See if you agree:
Genre fiction guarantees a beginning, a middle, and an end.
The word “genre” is a kind of shorthand for the reader: expect closure.
Literary fiction? Not so much.
“Literary” suggests shiny prose and real life on the page. And part of the bargain is that the ending could be inconclusive. Thought-provoking. Not always, of course, but that’s a distinct possibility.
But fans of genre fiction know there is as much powerful commentary on the human condition in a good mystery as there is in any novel up for the Booker or Pulitzer. “Genre” fiction can be every bit as inventive and arty and revelatory as something dubbed literature.
Of course. It’s a known fact.
I don’t know what Gary Reilly was thinking when he wrote The Paradise That Lurks in Female Smiles.

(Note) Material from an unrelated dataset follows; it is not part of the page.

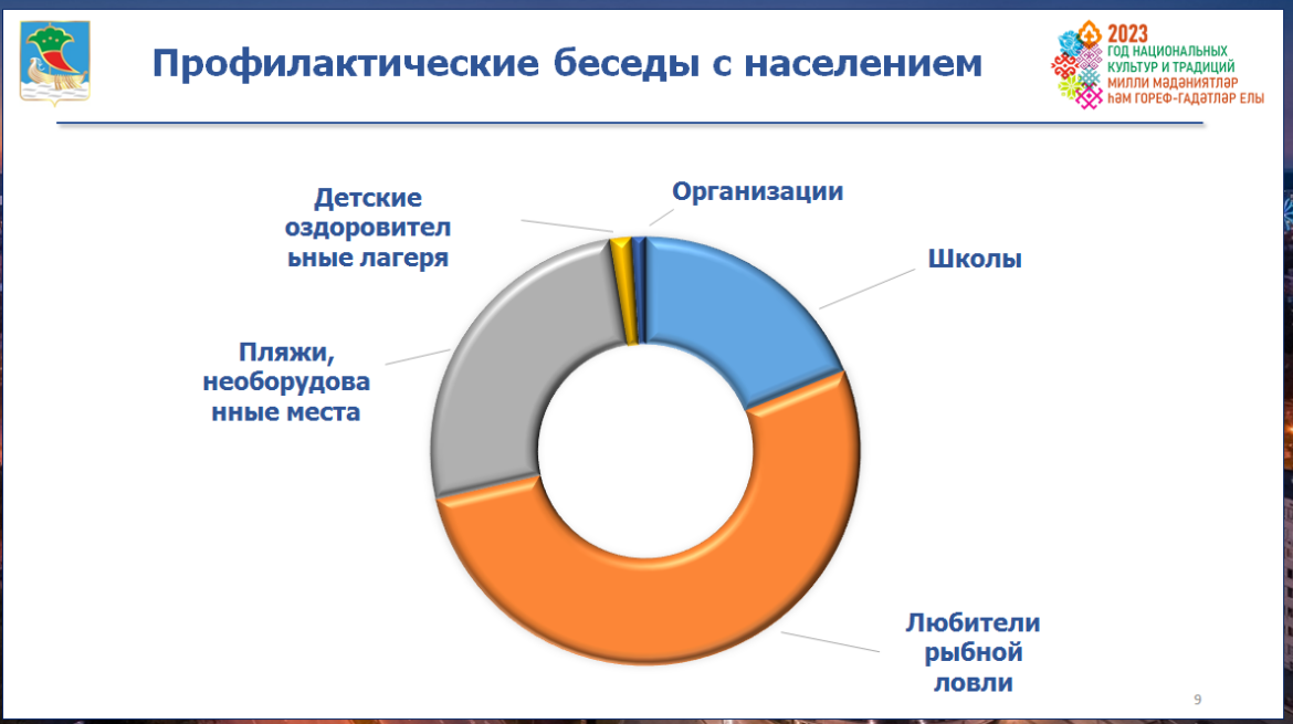 На пляжах и в необорудованных местах для купания инспекторы провели 3,5 тыс. бесед для 29 тыс. человек, в том числе с любителями рыбной ловли. Распространили 5 322 памятки и листовки.
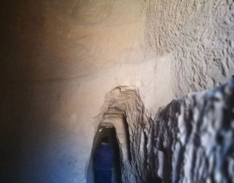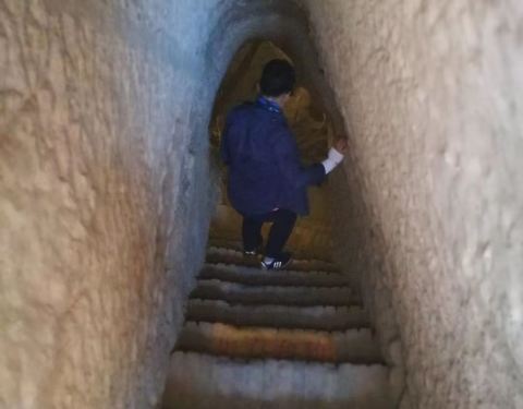 水洞沟景区内最后一个重要景点,有两个不相连的洞,据说这一带的山体里面都是这样的藏兵洞。一定要紧跟着导游,不然听不清讲解。出洞就是红山堡了,然后拖拉机出景区。

But it’s got crime fiction bones and ample literary touches. The story in a nutshell: Earnest writing teacher Charley Quinn has his world upended by a new female student who brings him sex, intrigue, and puzzles about her past.
The story is also full of Charley Quinn’s keen observations on the world around him, including his somewhat blunt opinions on the transactional nature of male-female relationships.
I don’t know what Gary’s objectives were when he wrote Paradise Lurks because Gary died in 2011, leaving behind 25 unpublished novels. When he died, we had been close writing pals for about seven years, but Paradise Lurks was one of the few books that he and I did not discuss.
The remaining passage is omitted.